ACTIVITY:
Print exactly the lines that run from the one containing "車種専用チューニングで設定し" to the final line of the data, both included, and print none of the pictures.

SUPPLIED INFORMATION:
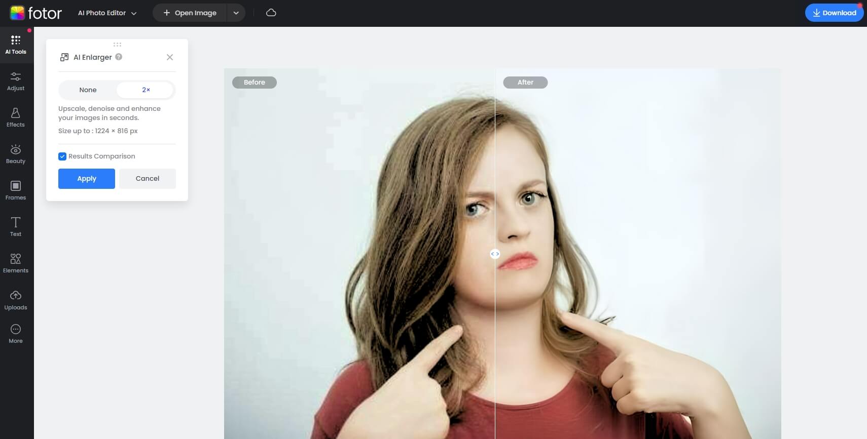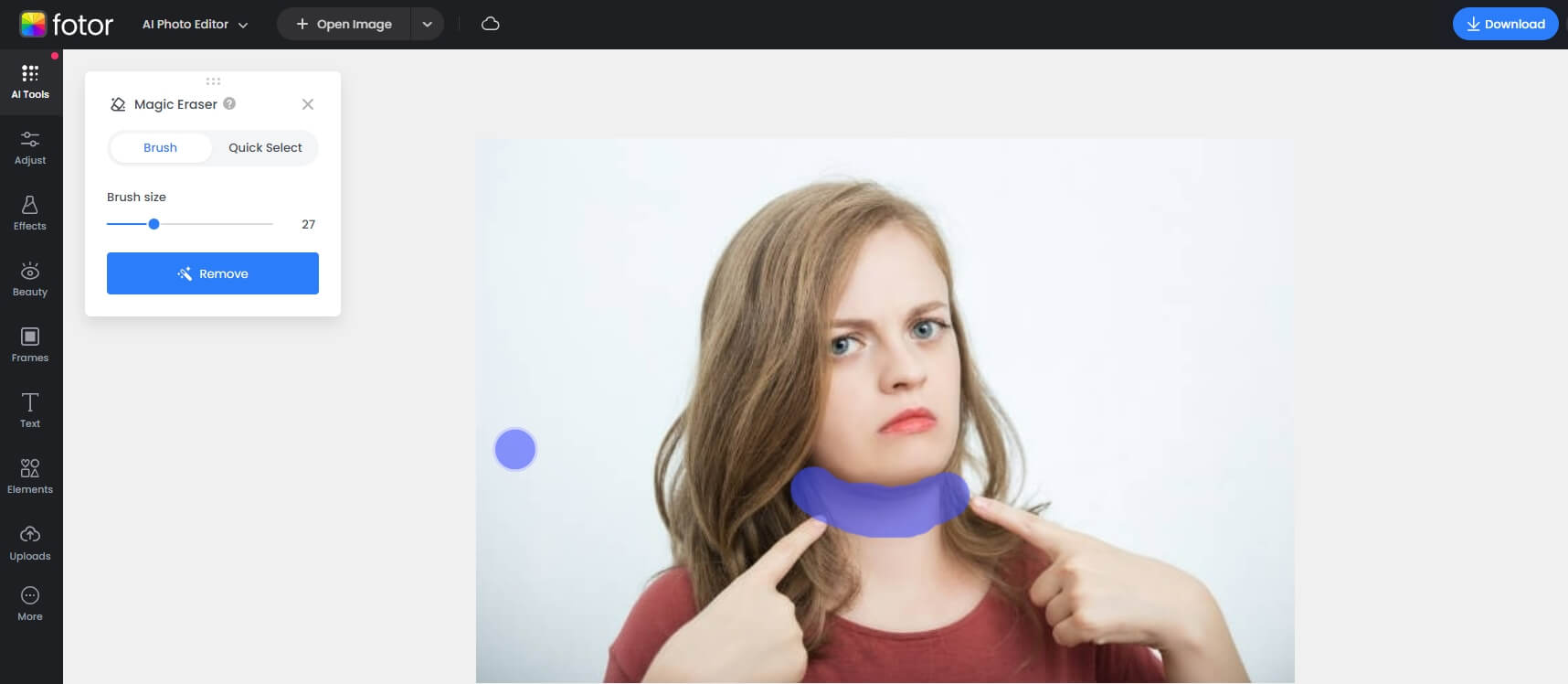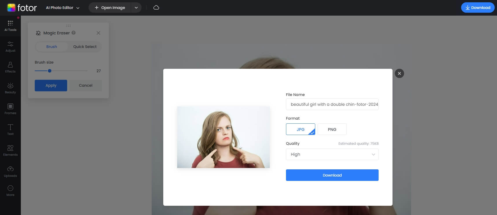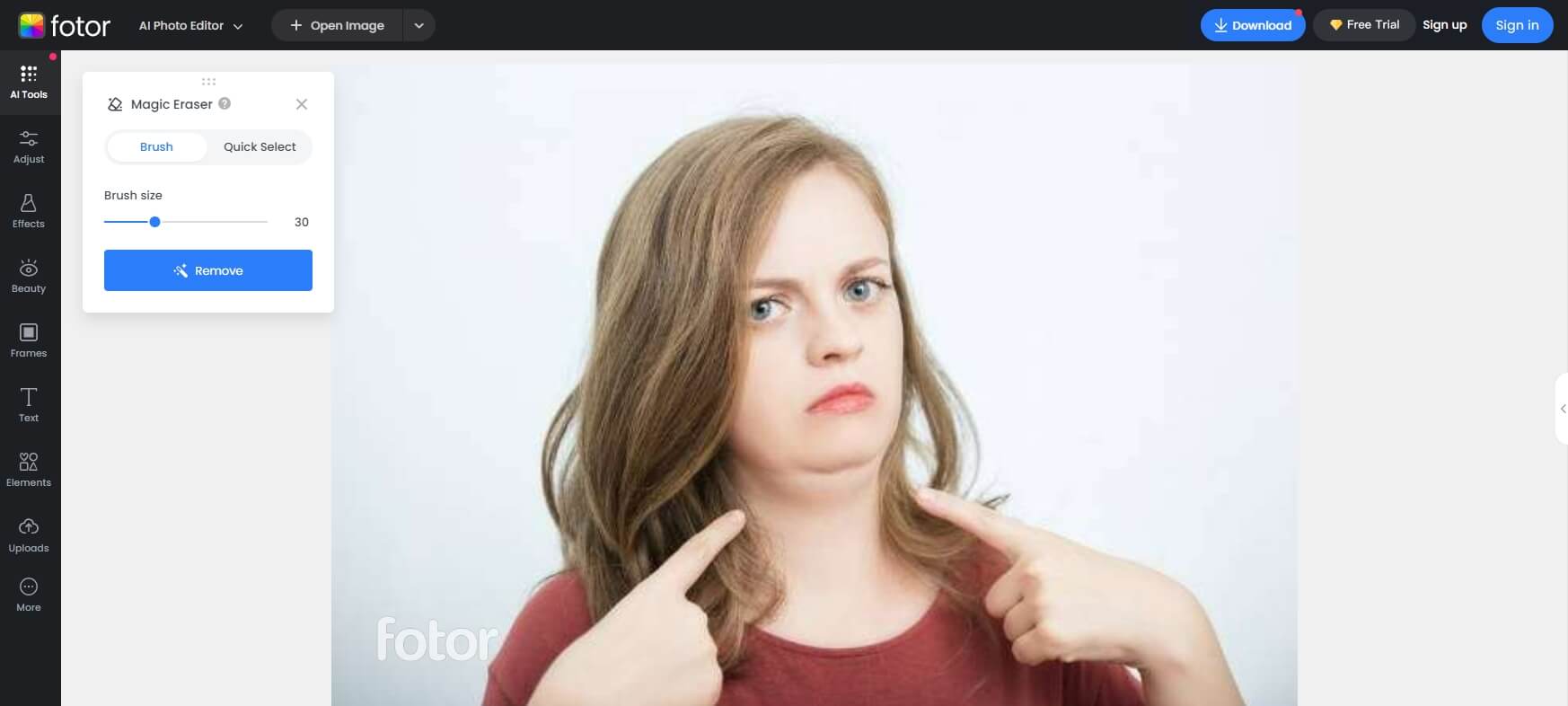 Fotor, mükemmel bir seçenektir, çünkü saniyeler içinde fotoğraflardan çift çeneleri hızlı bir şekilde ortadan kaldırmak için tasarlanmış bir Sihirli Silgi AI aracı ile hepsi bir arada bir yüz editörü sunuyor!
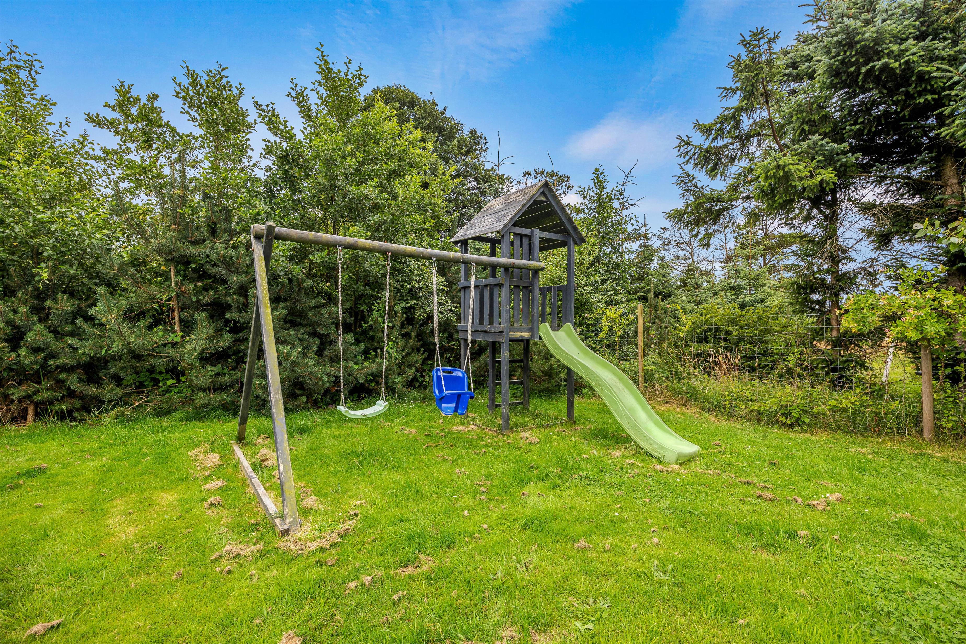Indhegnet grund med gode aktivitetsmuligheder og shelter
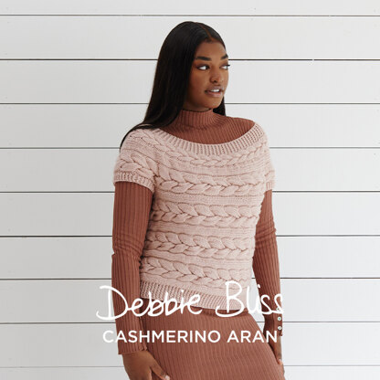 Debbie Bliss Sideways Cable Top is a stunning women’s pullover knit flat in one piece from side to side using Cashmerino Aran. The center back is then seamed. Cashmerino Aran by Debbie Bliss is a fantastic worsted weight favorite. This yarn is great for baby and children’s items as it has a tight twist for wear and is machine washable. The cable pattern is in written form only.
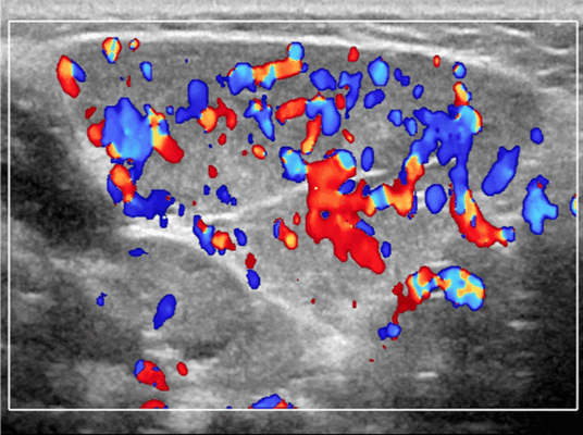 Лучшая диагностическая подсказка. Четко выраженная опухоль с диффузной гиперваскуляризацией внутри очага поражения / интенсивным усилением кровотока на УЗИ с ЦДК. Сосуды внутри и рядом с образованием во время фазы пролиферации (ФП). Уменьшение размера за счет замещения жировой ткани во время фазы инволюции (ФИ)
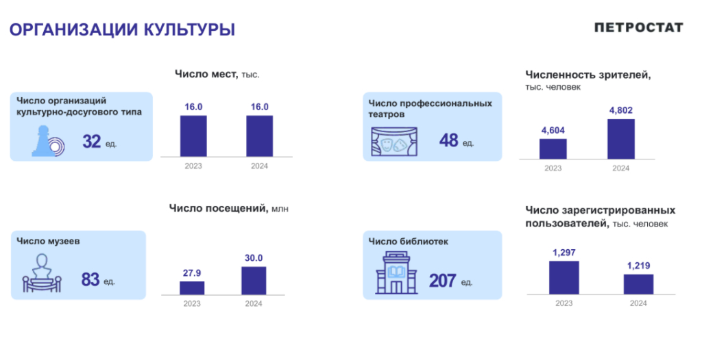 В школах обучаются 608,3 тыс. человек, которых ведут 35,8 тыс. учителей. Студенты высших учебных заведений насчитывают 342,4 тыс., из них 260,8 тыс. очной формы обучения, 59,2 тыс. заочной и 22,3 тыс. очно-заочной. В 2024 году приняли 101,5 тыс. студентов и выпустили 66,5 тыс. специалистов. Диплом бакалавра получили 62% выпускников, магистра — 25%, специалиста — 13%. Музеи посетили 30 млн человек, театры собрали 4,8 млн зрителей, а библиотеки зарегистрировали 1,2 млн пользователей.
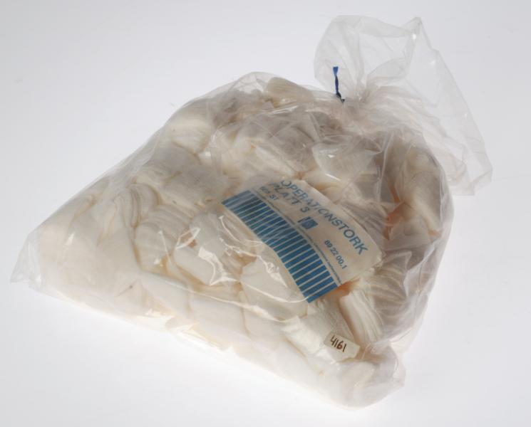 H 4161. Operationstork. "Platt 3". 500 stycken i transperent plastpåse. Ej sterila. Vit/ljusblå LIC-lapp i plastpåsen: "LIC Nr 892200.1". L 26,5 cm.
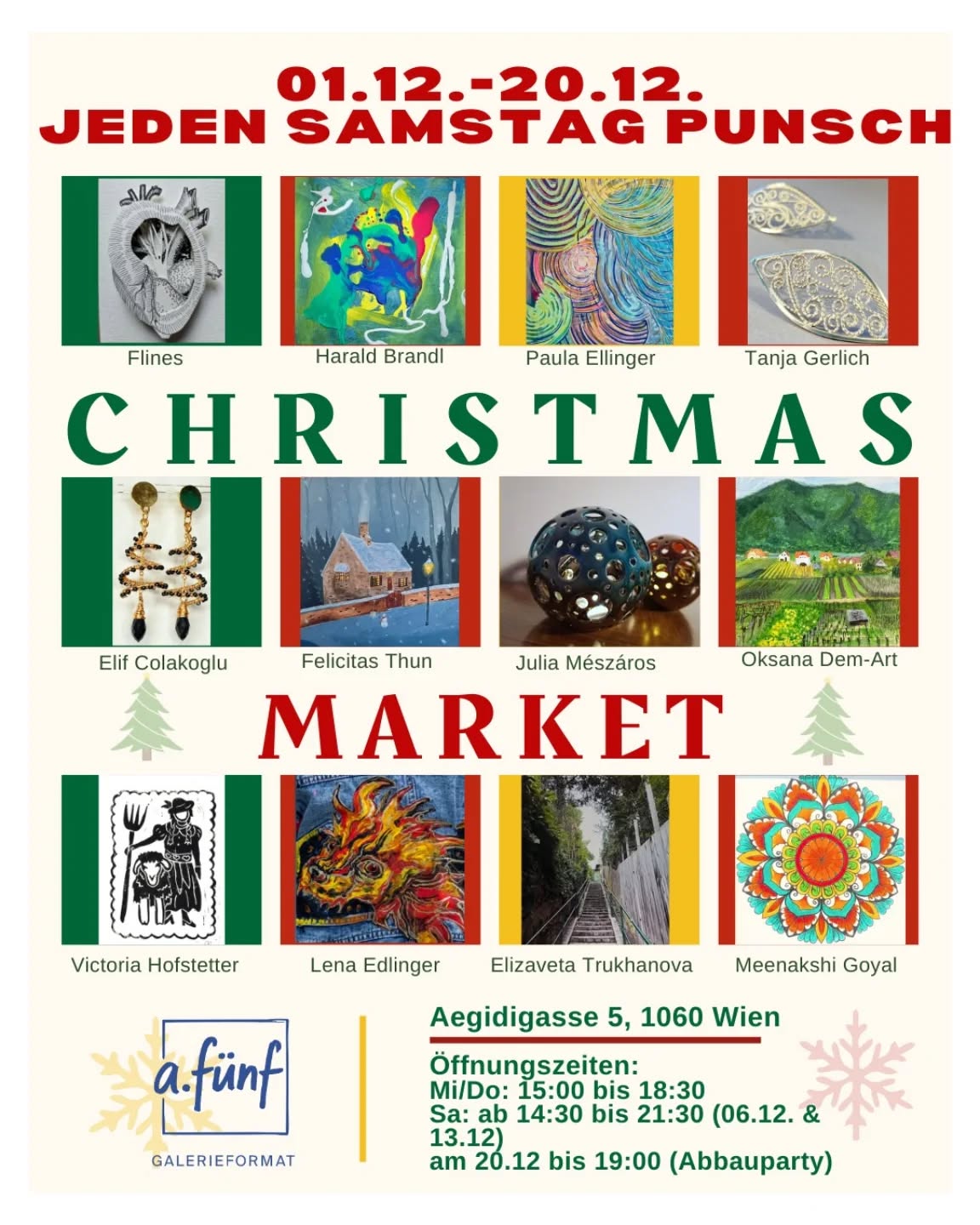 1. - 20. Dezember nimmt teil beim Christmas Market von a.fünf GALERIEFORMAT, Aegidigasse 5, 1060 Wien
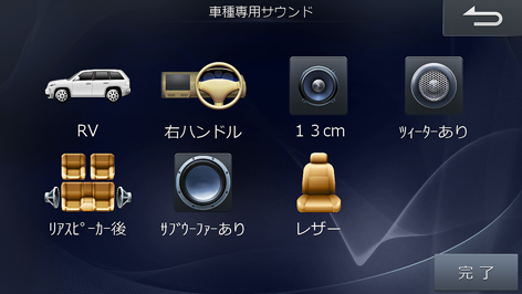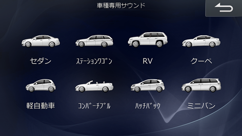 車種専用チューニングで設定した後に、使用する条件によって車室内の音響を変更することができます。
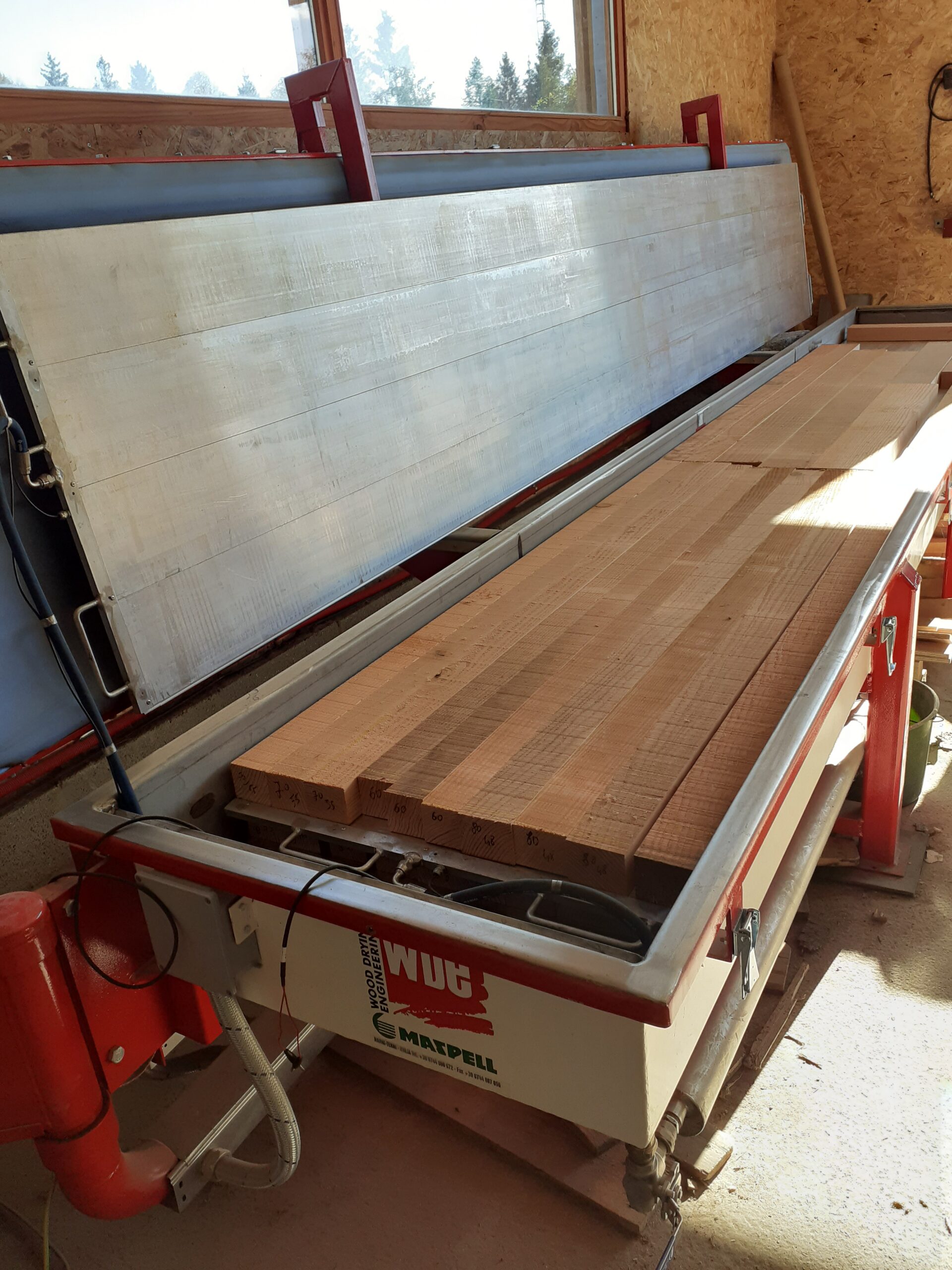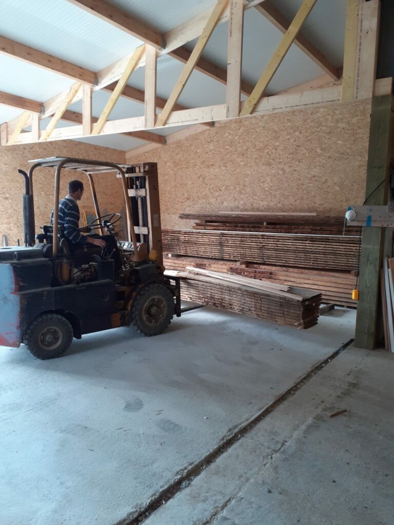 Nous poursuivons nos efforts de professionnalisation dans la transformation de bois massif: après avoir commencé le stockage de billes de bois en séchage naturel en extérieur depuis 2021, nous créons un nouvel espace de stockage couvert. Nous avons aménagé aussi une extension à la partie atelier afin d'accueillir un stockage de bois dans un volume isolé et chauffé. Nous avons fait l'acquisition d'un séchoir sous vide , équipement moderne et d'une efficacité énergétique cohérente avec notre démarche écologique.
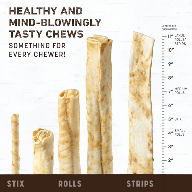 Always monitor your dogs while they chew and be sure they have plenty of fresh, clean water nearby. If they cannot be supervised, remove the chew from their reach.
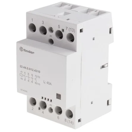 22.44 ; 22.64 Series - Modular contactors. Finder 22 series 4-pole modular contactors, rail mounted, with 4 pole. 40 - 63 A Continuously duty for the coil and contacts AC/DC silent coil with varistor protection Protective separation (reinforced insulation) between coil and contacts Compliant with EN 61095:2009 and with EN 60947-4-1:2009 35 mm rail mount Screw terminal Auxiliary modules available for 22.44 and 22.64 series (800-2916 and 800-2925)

EXERCISE ANSWER:
 車種専用チューニングで設定した後に、使用する条件によって車室内の音響を変更することができます。
 Nous poursuivons nos efforts de professionnalisation dans la transformation de bois massif: après avoir commencé le stockage de billes de bois en séchage naturel en extérieur depuis 2021, nous créons un nouvel espace de stockage couvert. Nous avons aménagé aussi une extension à la partie atelier afin d'accueillir un stockage de bois dans un volume isolé et chauffé. Nous avons fait l'acquisition d'un séchoir sous vide , équipement moderne et d'une efficacité énergétique cohérente avec notre démarche écologique.
 Always monitor your dogs while they chew and be sure they have plenty of fresh, clean water nearby. If they cannot be supervised, remove the chew from their reach.
 22.44 ; 22.64 Series - Modular contactors. Finder 22 series 4-pole modular contactors, rail mounted, with 4 pole. 40 - 63 A Continuously duty for the coil and contacts AC/DC silent coil with varistor protection Protective separation (reinforced insulation) between coil and contacts Compliant with EN 61095:2009 and with EN 60947-4-1:2009 35 mm rail mount Screw terminal Auxiliary modules available for 22.44 and 22.64 series (800-2916 and 800-2925)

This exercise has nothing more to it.